--- START ---

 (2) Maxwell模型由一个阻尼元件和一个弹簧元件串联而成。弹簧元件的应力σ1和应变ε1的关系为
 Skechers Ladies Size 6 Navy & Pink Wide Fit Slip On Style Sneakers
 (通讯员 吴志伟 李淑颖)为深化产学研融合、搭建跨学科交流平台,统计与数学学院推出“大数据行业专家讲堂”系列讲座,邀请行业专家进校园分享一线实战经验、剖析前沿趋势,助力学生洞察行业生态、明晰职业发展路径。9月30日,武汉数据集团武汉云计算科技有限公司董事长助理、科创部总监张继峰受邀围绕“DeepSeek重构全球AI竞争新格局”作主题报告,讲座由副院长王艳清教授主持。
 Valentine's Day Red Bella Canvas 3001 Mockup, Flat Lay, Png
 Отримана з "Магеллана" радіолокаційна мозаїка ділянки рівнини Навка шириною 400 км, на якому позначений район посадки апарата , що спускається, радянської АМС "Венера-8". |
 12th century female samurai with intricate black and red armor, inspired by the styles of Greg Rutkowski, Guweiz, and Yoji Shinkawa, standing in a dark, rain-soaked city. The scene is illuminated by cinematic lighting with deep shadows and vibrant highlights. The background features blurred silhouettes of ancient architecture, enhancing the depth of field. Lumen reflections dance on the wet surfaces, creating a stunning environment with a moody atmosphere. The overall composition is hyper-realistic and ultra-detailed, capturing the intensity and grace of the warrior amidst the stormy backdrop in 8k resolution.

--- END ---
--- START ---

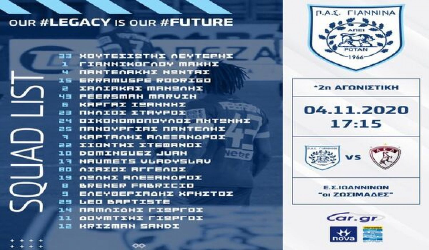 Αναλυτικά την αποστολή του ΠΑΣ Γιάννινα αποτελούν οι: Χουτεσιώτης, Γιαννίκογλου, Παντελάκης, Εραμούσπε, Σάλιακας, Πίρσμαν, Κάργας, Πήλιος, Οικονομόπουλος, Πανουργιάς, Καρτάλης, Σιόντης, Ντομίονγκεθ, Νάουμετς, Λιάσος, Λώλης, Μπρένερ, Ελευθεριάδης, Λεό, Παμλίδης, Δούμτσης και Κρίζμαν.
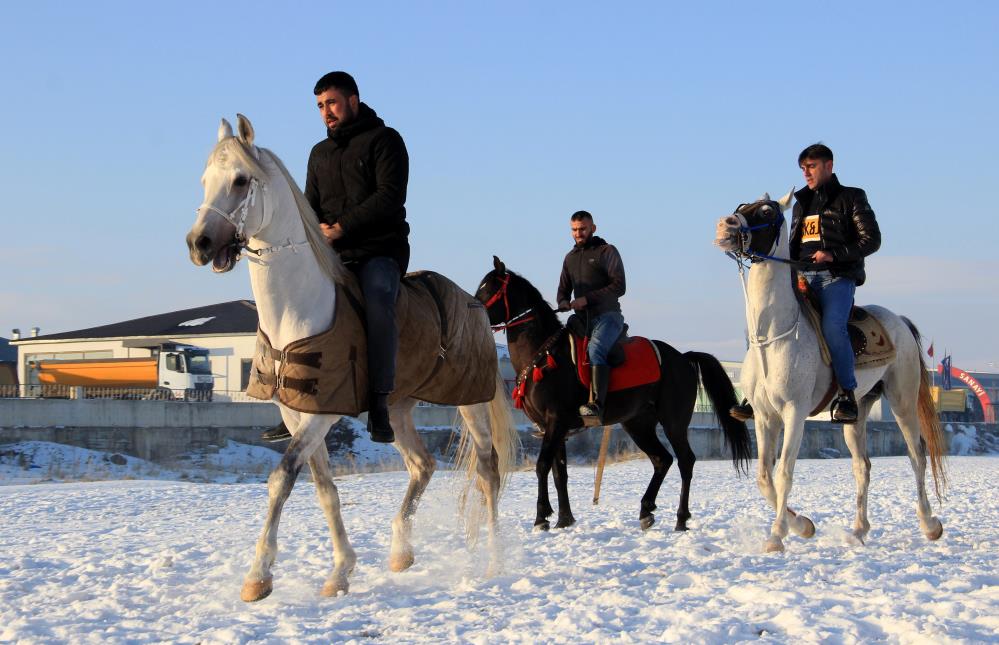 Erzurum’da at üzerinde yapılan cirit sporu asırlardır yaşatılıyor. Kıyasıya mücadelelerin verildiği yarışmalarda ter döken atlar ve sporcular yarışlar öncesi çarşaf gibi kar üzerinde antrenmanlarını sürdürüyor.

--- END ---

**What you need to do**
Transcribe the lines above between the line holding "Skechers Ladies Size" and the line holding "Valentine's Day Red", inclusive, exactly as they stand and with nothing added.

**Solution for this problem**
 Skechers Ladies Size 6 Navy & Pink Wide Fit Slip On Style Sneakers
 (通讯员 吴志伟 李淑颖)为深化产学研融合、搭建跨学科交流平台,统计与数学学院推出“大数据行业专家讲堂”系列讲座,邀请行业专家进校园分享一线实战经验、剖析前沿趋势,助力学生洞察行业生态、明晰职业发展路径。9月30日,武汉数据集团武汉云计算科技有限公司董事长助理、科创部总监张继峰受邀围绕“DeepSeek重构全球AI竞争新格局”作主题报告,讲座由副院长王艳清教授主持。
 Valentine's Day Red Bella Canvas 3001 Mockup, Flat Lay, Png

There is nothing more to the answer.